Armenia - Apricots purchased by a fruit-exporting companty from farmers in the Ararat Valley, 21Jun2013.
Armenia - Apricots purchased by a fruit-exporting companty from farmers in the Ararat Valley, 21Jun2013.
Hundreds of apricot farmers in Armenia’s southern Armavir province demonstrated on Monday, blocking a local highway and demanding that the government help them sell their produce.

The protesters residing in several local villages complained that wholesale buyers of apricots, most of them export-oriented companies, ignore their communities, stripping them of a key source of revenue. “There are no exporting companies doing business in our villages,” one of them told RFE/RL’s Armenian service (Azatutyun.am).

“I want to sell off my fruits at once,” said another farmer. “But nobody will buy them.”

The protesters demanded that Agriculture Minister Sergo Karapetian meet and talk to them. They unblocked the road leading to the provincial capital after riot police assured them that Karapetian will arrive at the scene soon.

However, the minister never showed up, leaving it to the provincial governor, Ashot Ghahramian, to talk to the angry villagers.

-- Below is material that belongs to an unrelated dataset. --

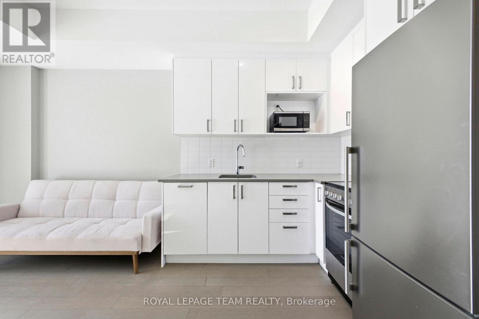 Welcome to Unit 209 at The Spencer in Greystone Village, where modern design meets an unbeatable Old Ottawa East lifestyle. Perfectly situated between the Rideau Canal and the Rideau River, you are steps to scenic bike paths, walking trails, cafés, restaurants, and vibrant Main Street amenities. This bright and efficiently designed bachelor features impressive 10 foot ceilings and oversized windows that fill the space with natural light. The contemporary kitchen offers sleek cabinetry, quartz countertops, stainless steel appliances, and clean modern finishes that feel both stylish and functional. The open layout is thoughtfully planned to maximize flexibility, allowing comfortable space for living, dining, and working from home. In unit laundry adds everyday convenience. The building amenities truly elevate the experience, including a fully equipped fitness centre and a stunning rooftop terrace with lounge areas, dining space, prep kitchen, gas fireplace, and beautiful river views. A guest suite is available for visiting family and friends. Located close to Saint Paul University and the University of Ottawa, and just minutes to downtown by bike, transit, or car, this condo is ideal for students, young professionals, or investors looking for a prime location. Modern. Efficient. Lifestyle driven. Unit 209 is city living done right. 1 pic is virtually staged (id:61832)

Ghahramian could only promise them to meet apricot exporters to discuss the situation.

The protest erupted just days after Karapetian was shown on state television visiting Armavir communities and assuring locals that they will have no trouble selling their produce. He also inspected the wholesale purchase of apricots by one of the Yerevan-based companies exporting them to Russia and other former Soviet republics.

The Armenian government last week faced similar protests in neighboring Ararat province, which is also part of the fruit-growing Ararat Valley stretching along the Armenian-Turkish border. The farmers there were unhappy with what they called disproportionately low prices of their apricots set by corporate buyers. They demanded that the purchasing prices be doubled to around 500 drams ($1.2) per kilogram.

The Armavir protest involved farmers from villages not severely affected by a recent hailstorm that wreaked havoc on 46 other local communities. In 22 of them, crops such as grapes, apricots and various vegetables were completely destroyed. The government estimated the total damage caused by hail at 25 billion drams ($60 million).